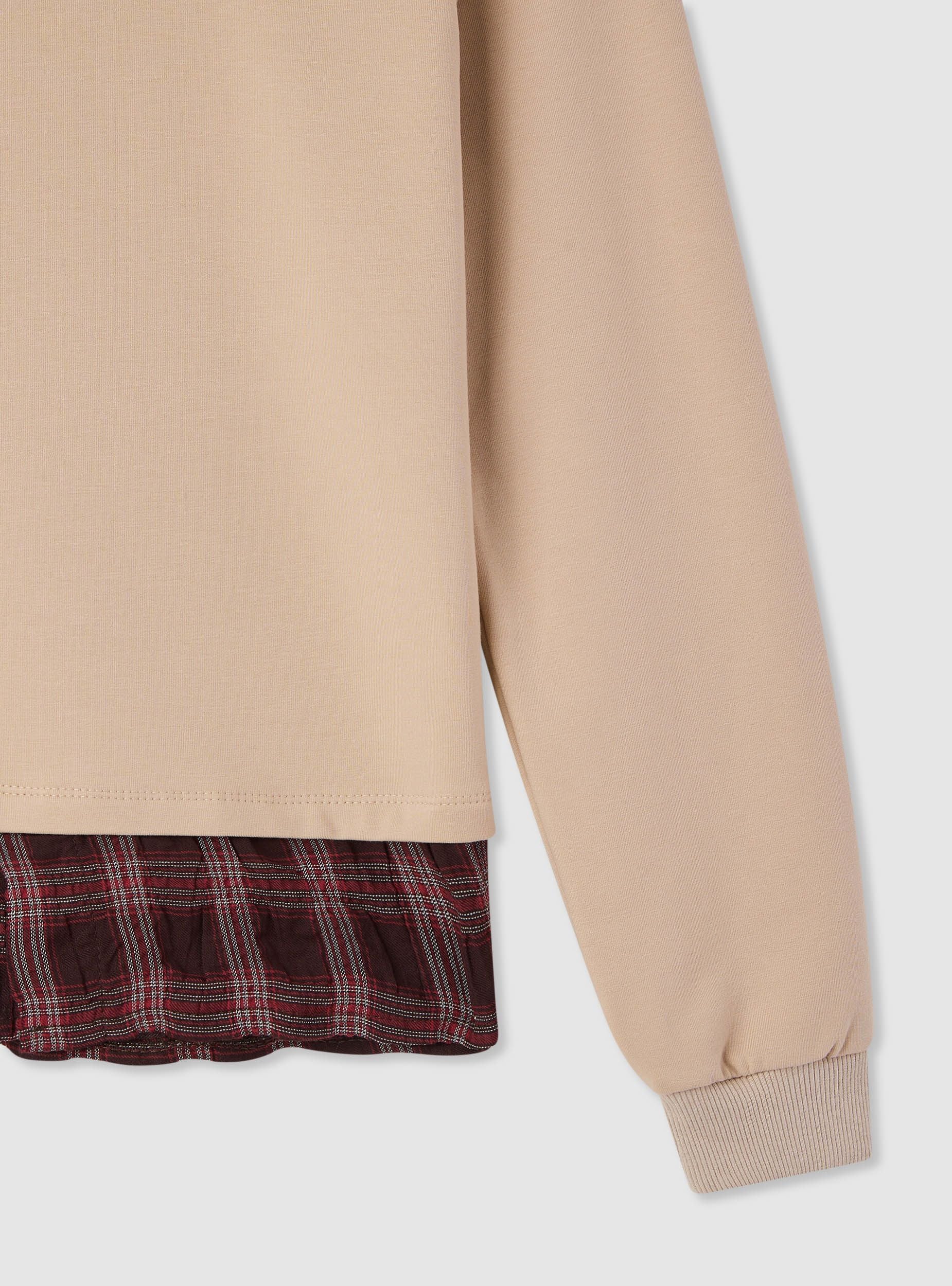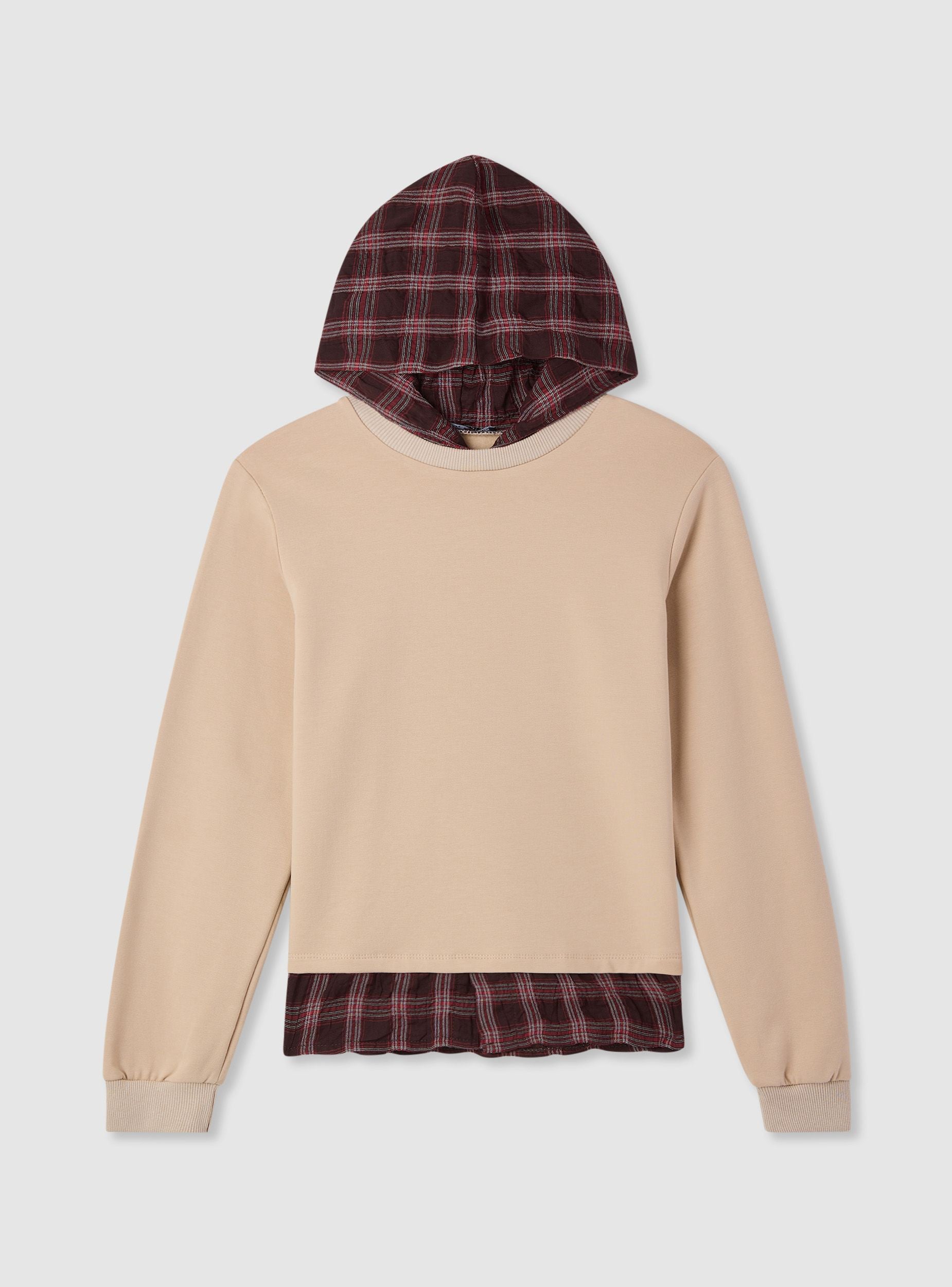 Mikina pro děti s kapucí, ideální do školy i na volný čas. Model s dlouhými rukávy a elastickými manžetami. Kapuce a lem mají kostkovaný vložku, která dodává trendy vzhled a snadno se kombinuje s džínami nebo tepláky jogger. Pohodlný střih a rovný tvar pro každodenní nošení, ideální k vrstvení přes tričko v přechodných obdobích.
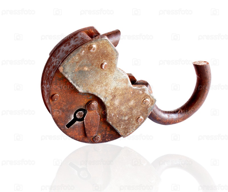 Старый ржавый замок на белом фоне
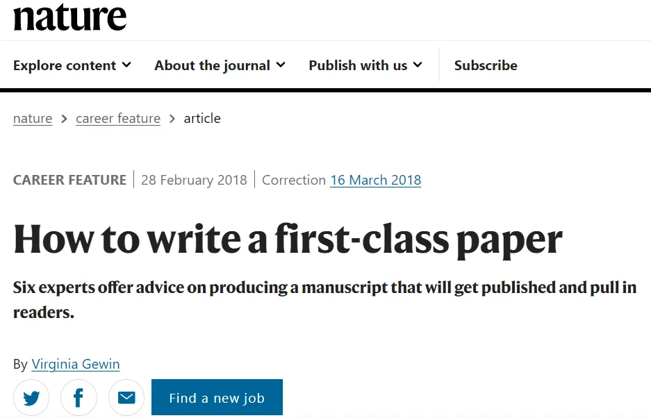 最近,Nature Careers分享了一场题为“How to write a first-class paper”的线上讲座,总结出一整套能让论文从“还行”到“出圈”的写作逻辑。

================================

» **What is needed**
The data above needs to be retyped exactly, with the images left out.

» **Written answer**
 Mikina pro děti s kapucí, ideální do školy i na volný čas. Model s dlouhými rukávy a elastickými manžetami. Kapuce a lem mají kostkovaný vložku, která dodává trendy vzhled a snadno se kombinuje s džínami nebo tepláky jogger. Pohodlný střih a rovný tvar pro každodenní nošení, ideální k vrstvení přes tričko v přechodných obdobích.
 Старый ржавый замок на белом фоне
 最近,Nature Careers分享了一场题为“How to write a first-class paper”的线上讲座,总结出一整套能让论文从“还行”到“出圈”的写作逻辑。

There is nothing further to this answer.